Monday, May 27, 2013

Part 88 - The Donner Party

A pivotal character in the tragic story of the ill-fated Donner Party was Lansford W. Hastings.  He was a twenty-seven-year-old lawyer from Ohio when he journeyed to Oregon and then later to California in 1843-44.  At the time Hastings visits California, the territory belonged to Mexico. 

When he returned to the U.S. in 1844, he had grandiose visions of wresting California from Mexico, making it an entity to be called the Republic of California, with himself holding a high office.  His methodology for accomplishing this endeavor was to overwhelm the land with emigrants, and to this end, he authored a book titled The Emigrants Guide to Oregon and California.  In this booklet, he made a one-line statement that became the trigger for the struggles of the Donner Party.

"The most direct path would be to leave the Oregon route, about two hundred miles east of Fort Hall; thence bearing west-south west, to the Salt Lake; and thence continuing down to the bay of San Francisco." (Hastings)

This suggestion of an alternate route became known as the Hastings Cutoff, even though Hastings himself had never traveled this route before making it a part of his emigrant’s guide.
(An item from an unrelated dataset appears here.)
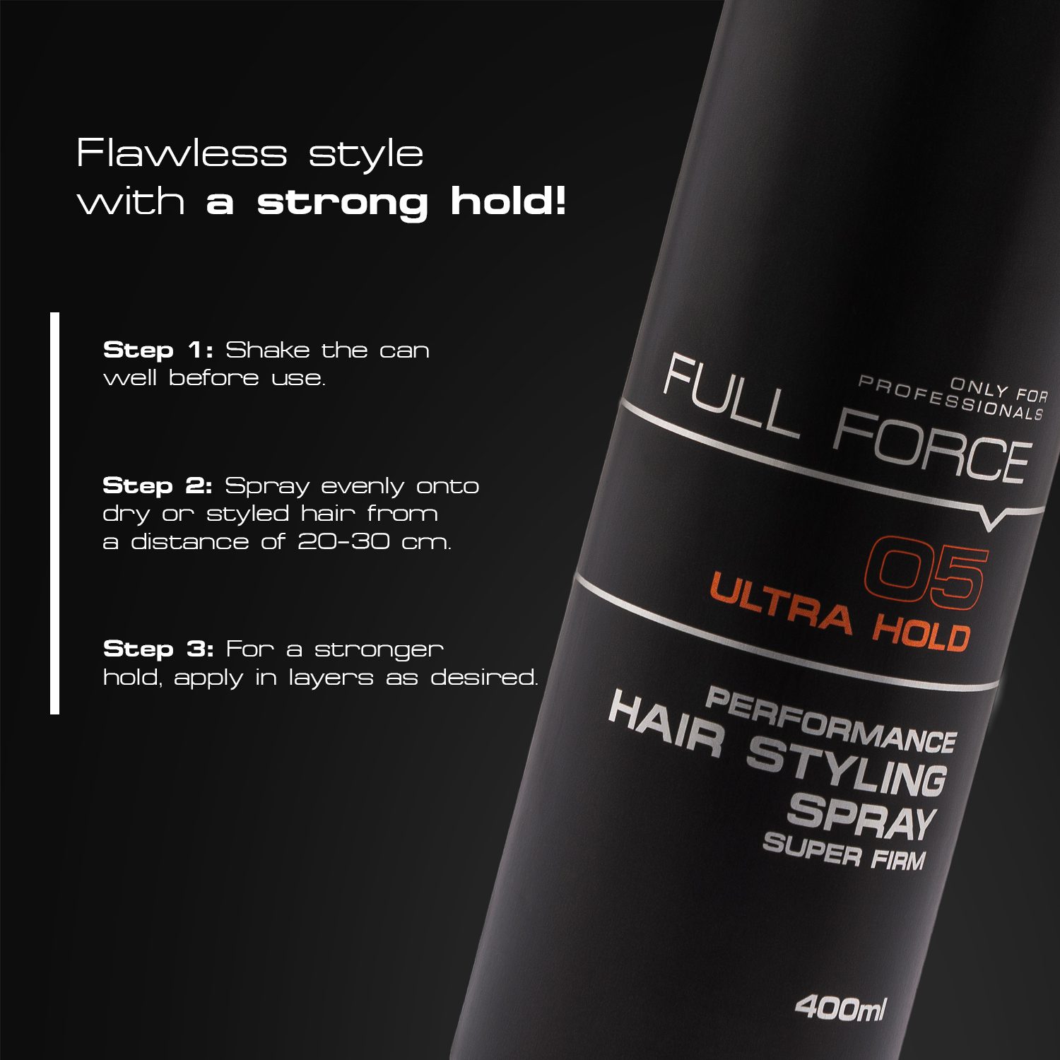 RedOne full force hairspray works great with all hair types. This super firm spray adds great volume to any look, fast drying, and most importantly holds hair in place all day. Just like other products in the RedOne line, this hairspray has a fresh long lasting scent and great shine.

George Donner had a copy of Hastings' emigrant guide and concluded that he would take the route, as he had been assured it would cut off 350 to 400 miles from the entire journey.  Likewise, knowing that his group was at the back of the pack of emigrant trains that year, heading to Oregon and California, he was concerned about completing the journey before the snow began to fall.

Somewhere beyond Fort Bridger, Wyoming, the regular trail to Oregon continued west-northwest past Fort Hall, Idaho, but here the Hastings Cutoff split from the main trail and headed west – southwest to enter Utah near the present day Evanston, Wyoming/Utah border.  From the bottom of Echo Canyon in Utah (present location of Interstate I-80), the Donner Party had to blaze a trail over the Wasatch Mountains down to the valley of the Great Salt Lake.  

They lost valuable time building this wagon road across the mountains, but on a bright note, it was of great value to the Mormon pioneers who followed this road one year later in 1847 on their exodus from Nauvoo, Illinois, to the Great Salt Lake Basin.

Skirting around the southern end of the Great Salt Lake, the Donner Party then entered the great salt desert around Grantsville, Utah.  This turned out to be an eighty-mile trek through mud and muck that saw the heavily loaded wagons sink into the mud up to the hubs of the wagons.  It took six days to cross this extremely inhospitable desert; water ran out after three days, and many of their animals bolted, crazed by thirst.  A number of wagons were abandoned.

As a side note, as late as the 1930s, the wagon tracks and remains of the abandoned wagons could still be seen in the desert salt and mud wasteland.

These delays cost the Donner Party their opportunity to cross the mountains, specifically Donner Pass, to the safety of the lowland ranches on the western side of the Sierra Nevada Mountains.  In spite of their heroic efforts to make miles, they missed crossing the pass by only one day before the deep snows forced them to retreat to Donner Lake and set up camp to wait out the winter.

The fate of the Donner Party sends a strong message to Pacific Crest Trail thru-hikers – don’t dally along the way, stay focused on the goal, and plan on making it to the Canadian border sooner rather than later before early September snows have a chance to close down the trail, as it did this year.

The historical marker at the trail junction of the PCT and Roller Pass.